Un Bond astracanado que no tuvo suficiente con la presencia de un solo 007 con el rostro de David Niven, pues tambien Peter Sellers, Woody Allen y Terence Cooper lucieron en el film los mismos dígitos identificativos de Niven. Y no sólo ellos, ya que, en un alarde de locura demencial por parte de sus guionistas, las tentadoras Ursula Andress y Daliah Lavi también obtuvieron el codiciado 007. Según el personaje de Niven -el único, incomparable y real James Bond-, la caótica multiplicación de cero cero sietes no era más que una inteligente estrategia para desorientar al enemigo. Ni los Marx, con su humor absurdo, llegaron tan lejos... Peter O’Toole asevera ser Richard Burton ante un Peter Sellers de ojos desorbitados; Woody Allen sufre ataques de mudez cada vez que se enfrenta a David Niven, su idolatrado tío en el film; un taxi transporta a Mata-Bond (la hija de James Bond y Mata-Hari) de Londres a Berlín, mientras que el susodicho Sellers muere ametrallado por un pelotón de gaiteros escoceses capitaneado por Ursula Andress. ¡Más madera! ¡Es la guerra!

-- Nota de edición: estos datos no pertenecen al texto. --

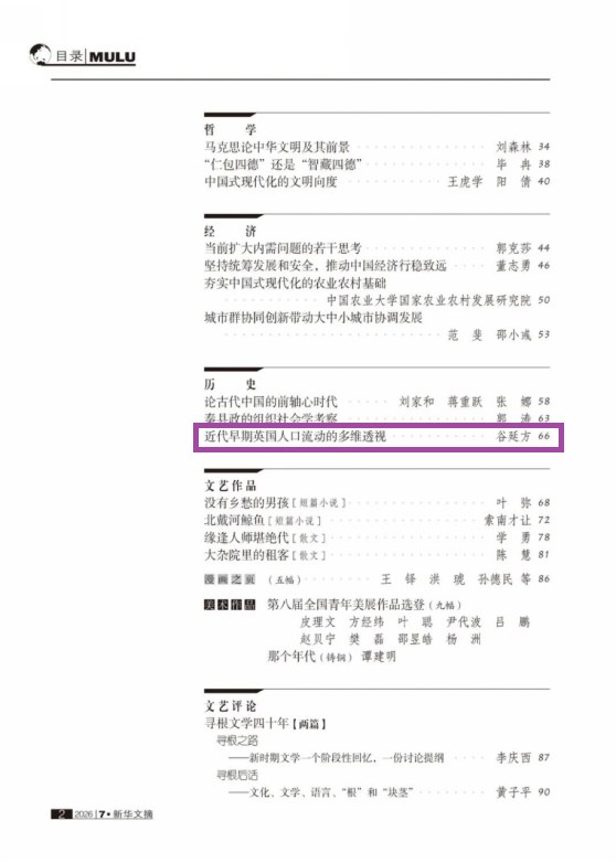 天津师范大学教授、欧洲文明研究院副院长谷延方的论文《近代早期英国人口流动的多维透视》被《新华文摘》2026年第7期转载。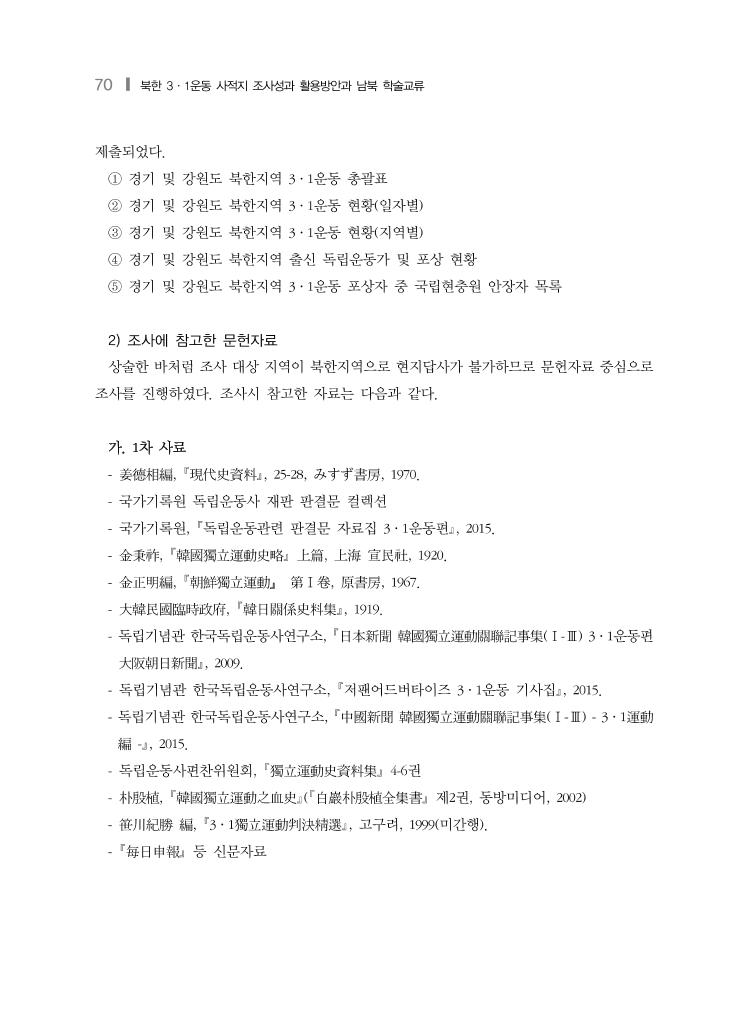 70 ❙ 북한 3·1운동 사적지 조사성과 활용방안과 남북 학술교류 제출되었다. ① 경기 및 강원도 북한지역 3·1운동 총괄표 ② 경기 및 강원도 북한지역 3·1운동 현황(일자별) ③ 경기 및 강원도 북한지역 3·1운동 현황(지역별) ④ 경기 및 강원도 북한지역 출신 독립운동가 및 포상 현황 ⑤ 경기 및 강원도 북한지역 3·1운동 포상자 중 국립현충원 안장자 목록 2) 조사에 참고한 문헌자료 상술한 바처럼 조사 대상 지역이 북한지역으로 현지답사가 불가하므로 문헌자료 중심으로 조사를 진행하였다. 조사시 참고한 자료는 다음과 같다. 가. 1차 사료 - 姜德相編, 現代史資料, 25-28, みすず書房, 1970. - 국가기록원 독립운동사 재판 판결문 컬렉션 - 국가기록원, 독립운동관련 판결문 자료집 3·1운동편, 2015. - 金秉祚, 韓國獨立運動史略 上篇, 上海 宣民社, 1920. - 金正明編, 朝鮮獨立運動』 第Ⅰ卷, 原書房, 1967. - 大韓民國臨時政府, 韓日關係史料集, 1919. - 독립기념관 한국독립운동사연구소, 日本新聞 韓國獨立運動關聯記事集(Ⅰ-Ⅲ) 3·1운동편 大阪朝日新聞, 2009. - 독립기념관 한국독립운동사연구소, 저팬어드버타이즈 3·1운동 기사집, 2015. - 독립기념관 한국독립운동사연구소, 中國新聞 韓國獨立運動關聯記事集(Ⅰ-Ⅲ) - 3·1運動 編 -, 2015. - 독립운동사편찬위원회, 獨立運動史資料集 4-6권 - 朴殷植, 韓國獨立運動之血史(白巖朴殷植全集書 제2권, 동방미디어, 2002) - 笹川紀勝 編, 3·1獨立運動判決精選, 고구려, 1999(미간행). - 每日申報 등 신문자료

Casino Royale. La primera novela de Bond escrita por Ian Fleming a principios de los 50. En contra de lo que muchos creen, ésta, la del 67, no fue la primera adaptación para la pantalla. En 1954, un tal William H. Brown Jr., adelantándose al mito cinematográfico del personaje, la llevó a la televisión en forma de un episodio para la serie Climax!; Barry Nelson fue 007 y el enigmático Peter Lorre se metió en la piel del pérfido Le Chiffre, el malvado de turno que en la de Daniel Craig interpreta Mads Mikkelsen y que en la versión de Huston and Cía. daba vida el mismísimo Orson Welles; un orondo Wells que, en medio de varias demostraciones de su apego por el mundo de la magia, jugó la mayor partida de black jack de su vida contra un rival imponente, un agente 007 con nombre de mujer, Evelyn Tremble (aka Peter Sellers).
Casino Royale. El segundo casino de la historia Bond. El casino más surrealista del mundo. Un casino en el que destacaban las minifaldas de la Andress y Joanna Pettet; dos pares de muslos que quedaron grabados en mi mente desde mi más tierna infancia. Quizás esos cuatro muslámenes, sumados al maravilloso The Look of Love de Bacharach, Alpert y la voz de Dusty Springfield, sean los responsables de mi apego por Casino Royale, el del 67.